Susceptors have evolved considerably during the last ten years, from simple flat platforms, which contributed nothing beyond their physical support to the processing operation, to susceptors provided with mechanisms for rotating the wafer during processing and sophisticated systems for sensing and responding to local temperature differences at the susceptor surface. Further, means for displacing the wafer from the susceptor after processing have been provided to assist in removal of the wafer by the robotic arm. Such innovations in susceptor design have contributed significantly to improved semiconductor quality and uniformity.
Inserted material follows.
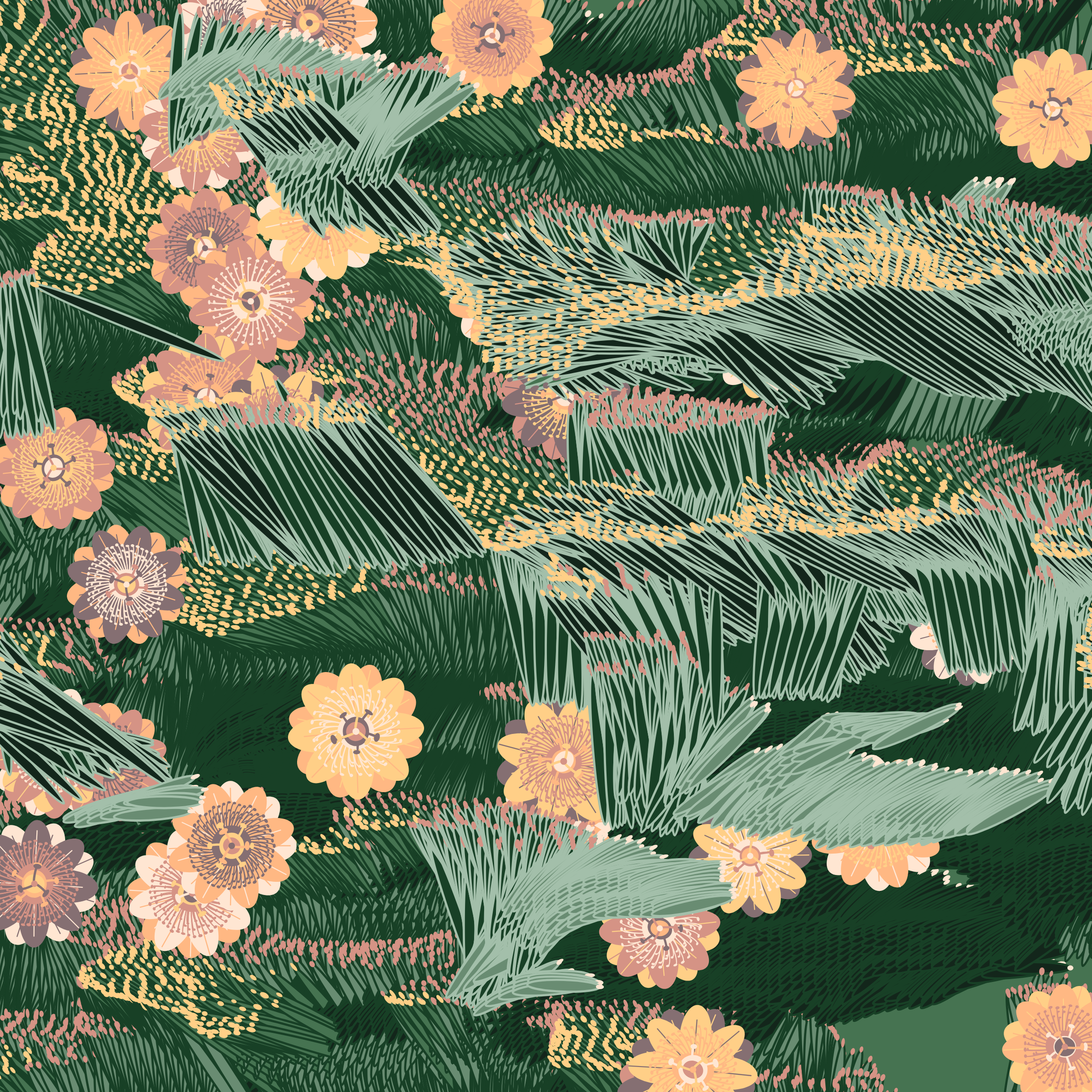 “Fragments of an infinite field” is a compositional system in which an idealized plant species is generated and arranged in a potentially infinite field of foliage. The main environmental parameter of the composition is the determination of a season of the year. The season determines the landscape’s colors and defines specific phenomena for each of them, such as rain in summer, snow in winter, petals falling in autumn, and pollen in spring. The flower has several possible variables, which can be macro aspects, affecting the entire population of the species, or micro, affecting each individual of the species differently. For example, the number of petals can be equal in all individuals or not. The number of filaments and other structures of the flower can undergo minor deviations, generating small mutations. The confusion between the figure (plant) and the background (earth, sky, other natural elements) is fascinating from a compositional point of view. The background colors are, most of the time, colors present in the figures, often breaking the boundary between them and, therefore, generating chromatic masses. In this project I also intend to research the following question: How to create parameters that resemble a living organism's growth? In this sense, the project approaches digital morphogenesis and the development of procedural organisms.

The means for facilitating wafer displacement from the susceptor surface and transfer to the robotic arm for removal from the reactor, remains problematic in automated semiconductor processing systems. One approach to wafer transfer operations, known in the art, involves using wafer support pins, which move vertically through holes in the susceptor to effect displacement of the wafer from the susceptor surface after processing.
The use of wafer support pins has several important shortcomings. Abrasion of the pins within the holes in the susceptor is caused both by the rotation of the susceptor as well as the different rates of thermal expansion exhibited by the stainless steel or quartz pins and the graphite susceptor. The abrasion results in particles which can contaminate the processing environment and compromise the quality of the processed semiconductor wafer. In addition to abrasion within the holes, marring of the backside of wafers has also been observed due to shrinkage of the hot wafers while supported on the relatively sharp pins. The longer cool down periods required to prevent such wafer damage tends to reduce reactor throughput.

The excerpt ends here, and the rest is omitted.